Finite element simulations of contact problems often involve modeling the interaction of multiple bodies across a non-confirming interface. Non-Confirming Meshes (NCM) are typically associated with large sliding or adaptive refinement on one side of the interface to capture localized nonlinear behavior due to large deformations, damage and inelasticity. The use of NCMs, however, presents a number of numerical issues; the main challenge with such discretizations is the presence of the non-conforming interface where it is critical to ensure compatibility of the kinematic and traction fields. The Enriched Discontinuous Galerkin Approach (EDGA) (Haikal and Hjelmstad, 2010) addresses this challenge by implementing a local enrichment along with an interface stabilization procedure to enable a two-pass approach in enforcing contact conditions that preserve the weak continuity of surface tractions without introducing dual interface fields.

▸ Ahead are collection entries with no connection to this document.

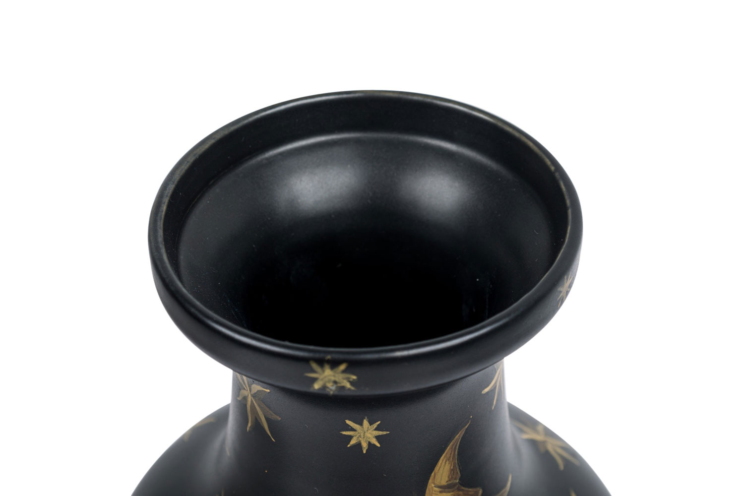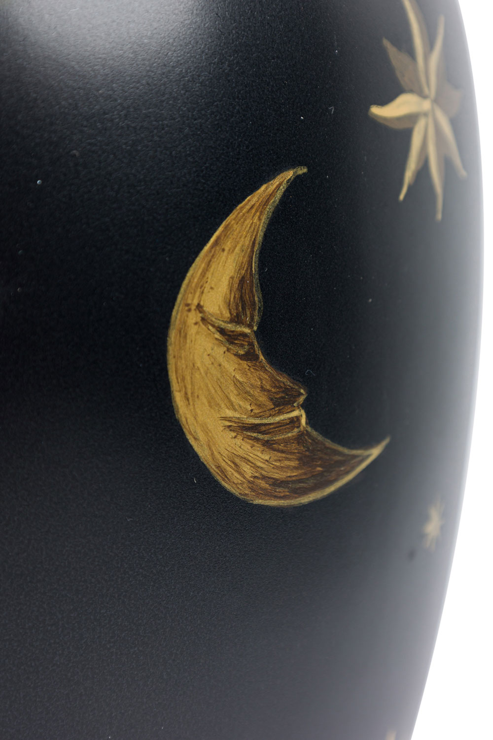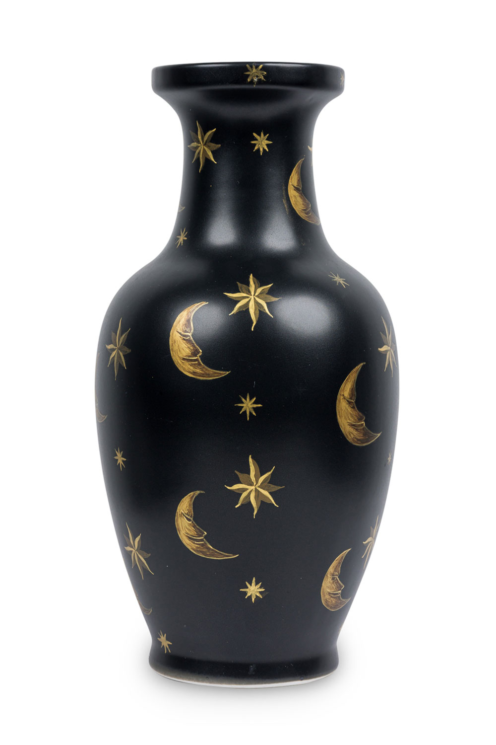 Pair of Black Hand-Painted Gold Star and Moon Vases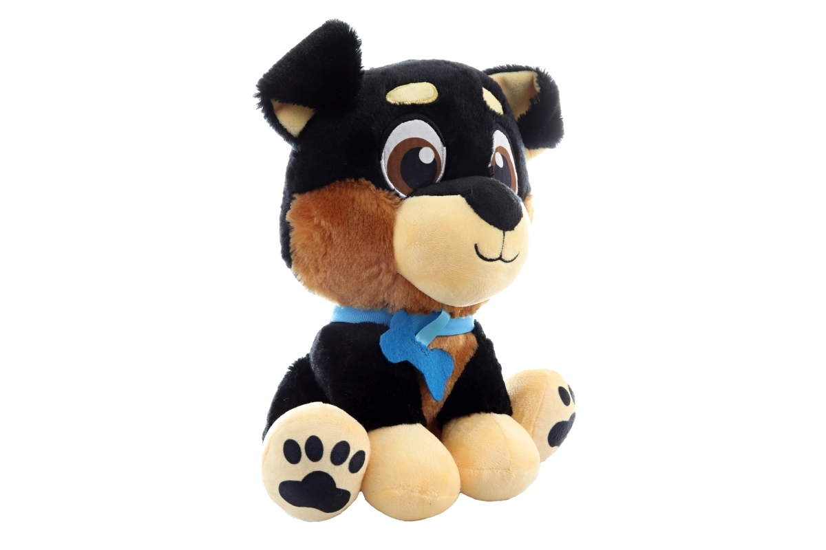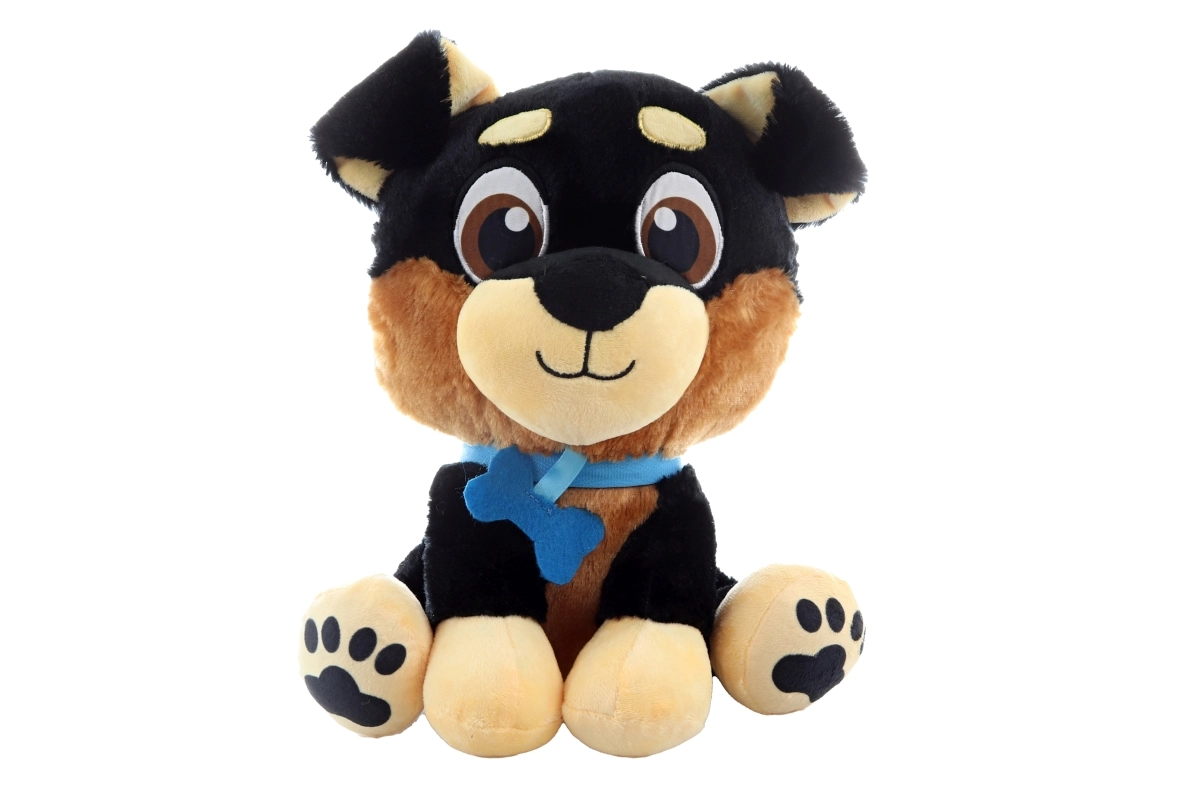 La struttura sicura senza piccole parti, le cuciture resistenti e il materiale soffice lo rendono un compagno perfetto per neonati e bambini più grandi. Il collarino blu alla moda e le zampette con stampa donano al giocattolo un aspetto unico.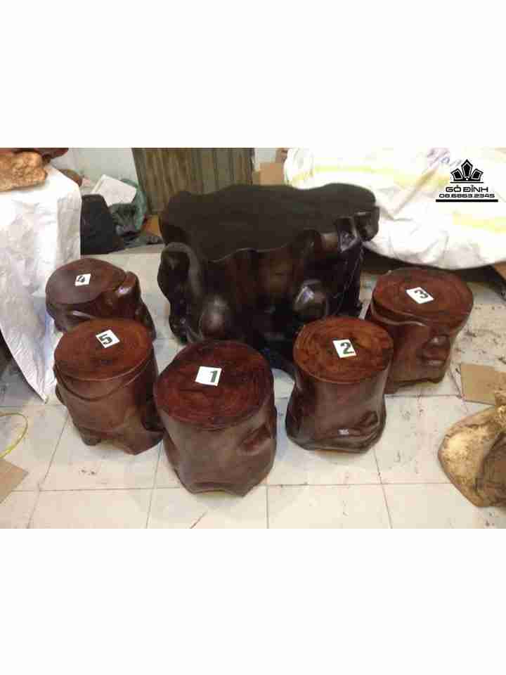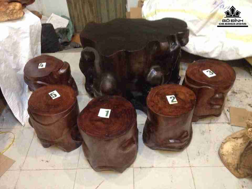 - Bộ 1 Bàn 5 Đôn Gốc Cây Lim Đá Bàn Cao 64 Đôn Cao 41 (cm)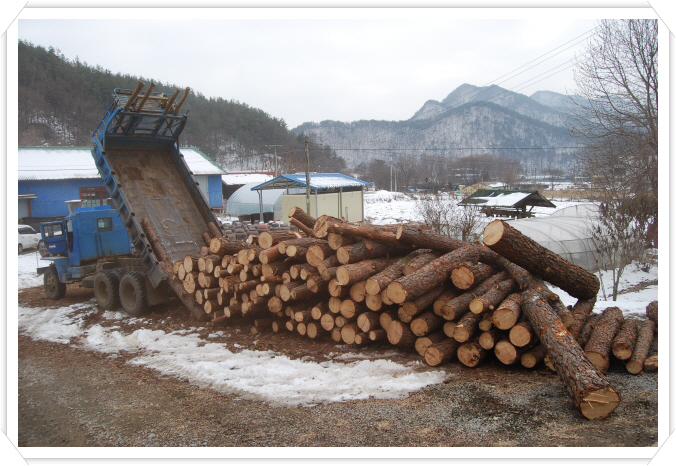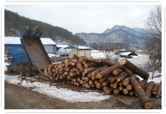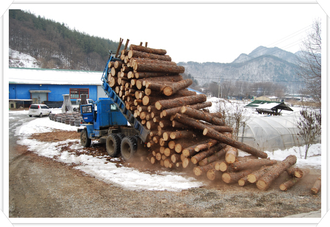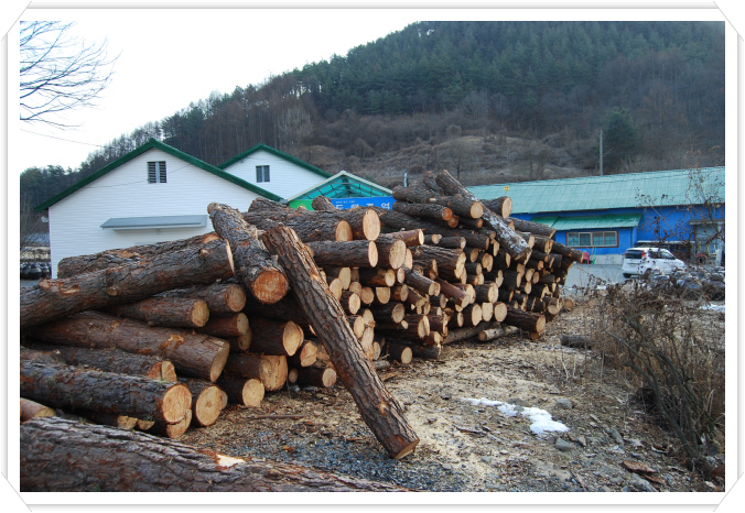 도해 죽염 공장 소나무 작업.1년에 100톤 이상 소모.^^"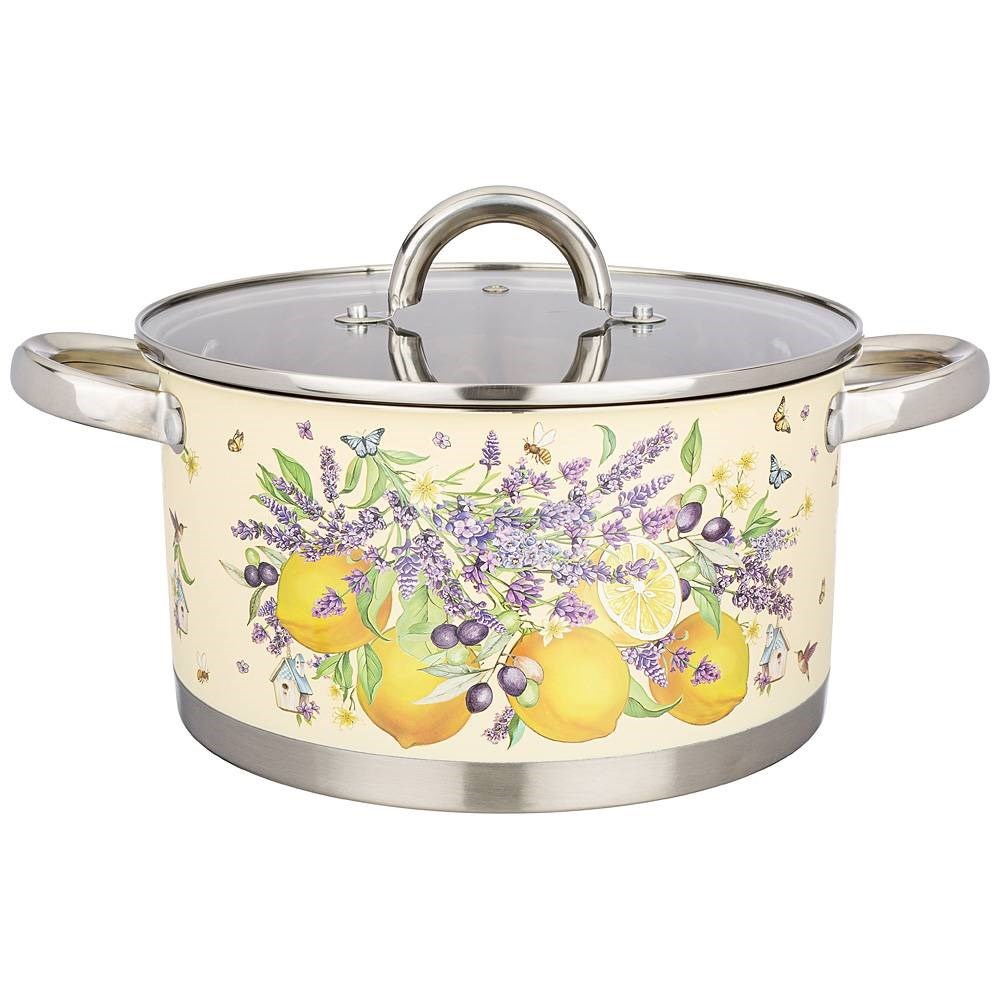 Кастрюля agness "Прованс лимоны" со стеклянной крышкой, нерж.сталь, 4,6 л 22х12 см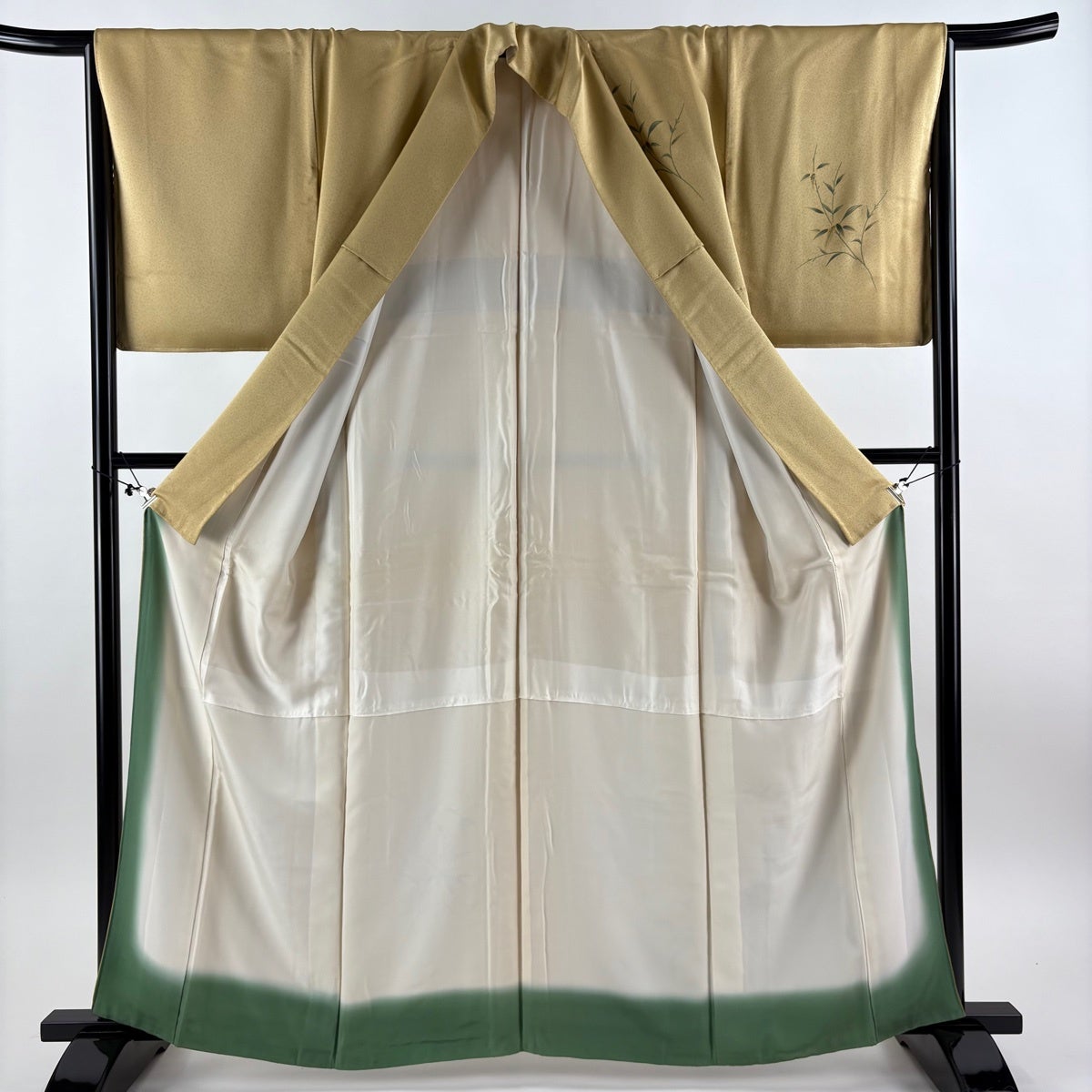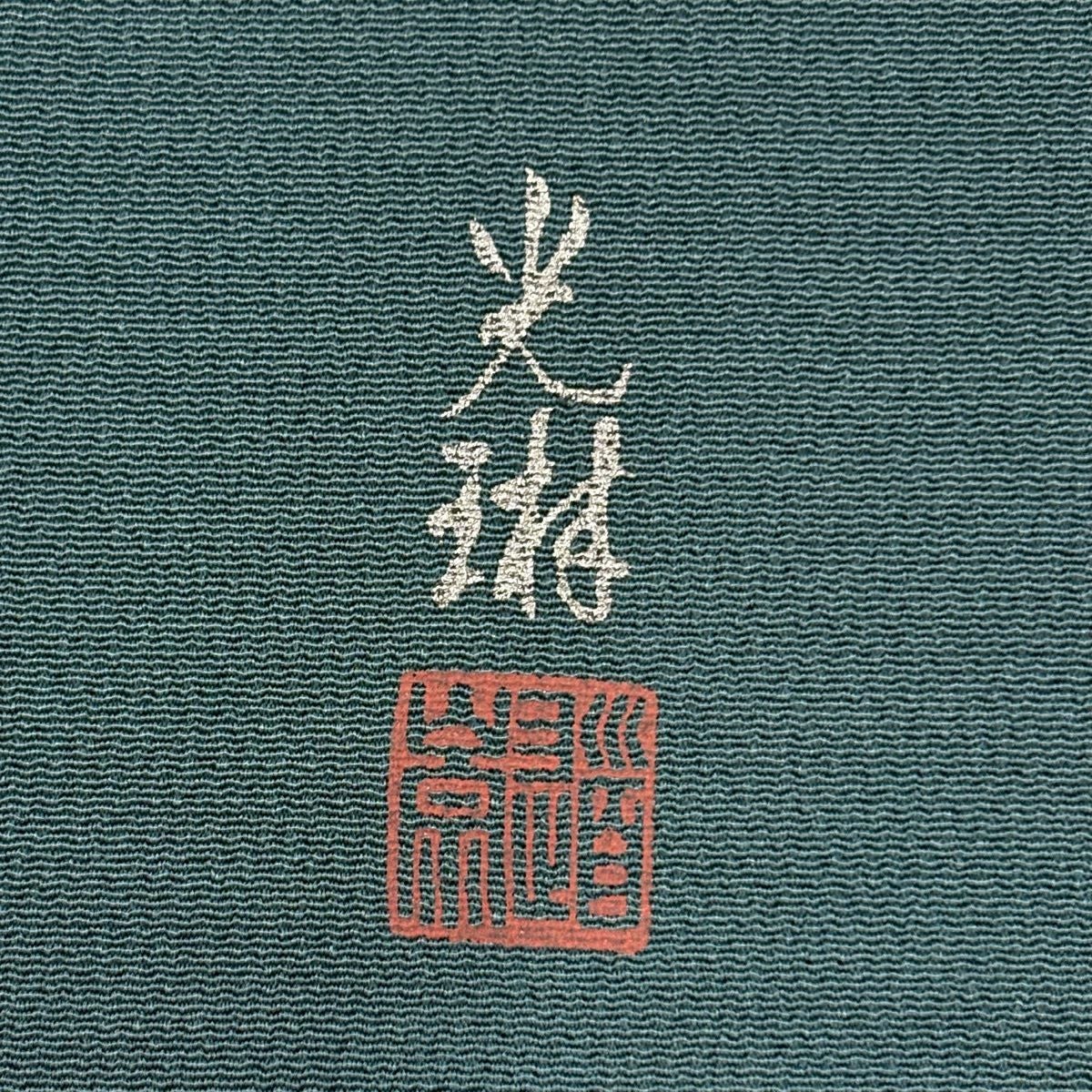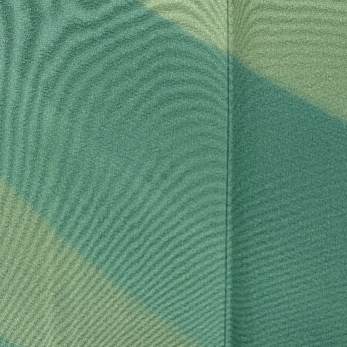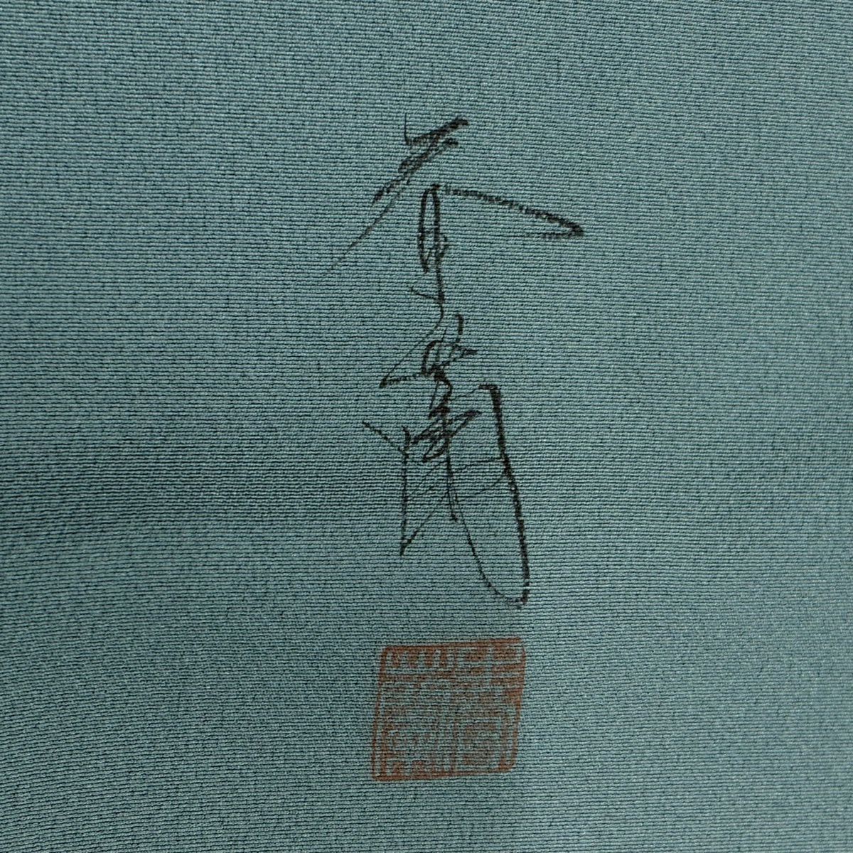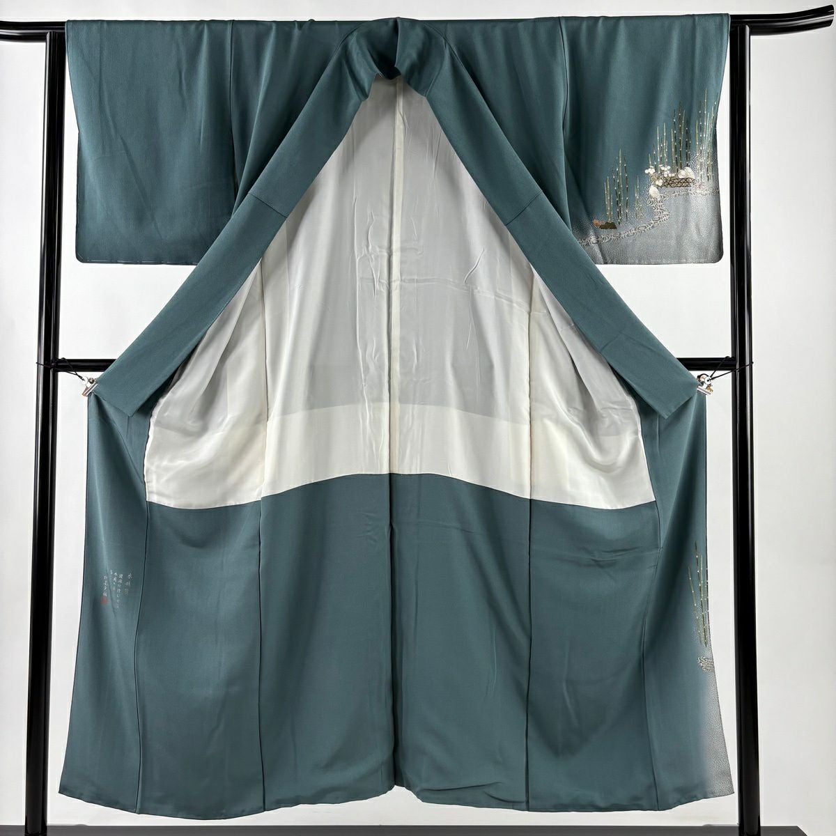 付下げ 身丈152cm 裄丈63cm S 袷 松尾光琳 落款あり 鳥 木賊 銀彩 ぼかし 緑 正絹 秀品

In this study, the EDGA is extended to model contact in the presence of material and geometrical nonlinearities, as well as friction. The enrichment used in the EDGA introduces a higher-order interpolation on the contact interface, which requires an increase in the integration rule. To avoid changing the integration points’ locations to accommodate the higher-order interpolation, a progressive integration rule (Gauss-Kronrod quadrature) is employed to preserve material history at existing integration points. A new approach for handling frictional conditions under large deformations is introduced. The proposed approach is designed to increase algorithmic efficiency and circumvent numerical issues encountered when modeling stick/slip conditions in Coulomb frictional contact models.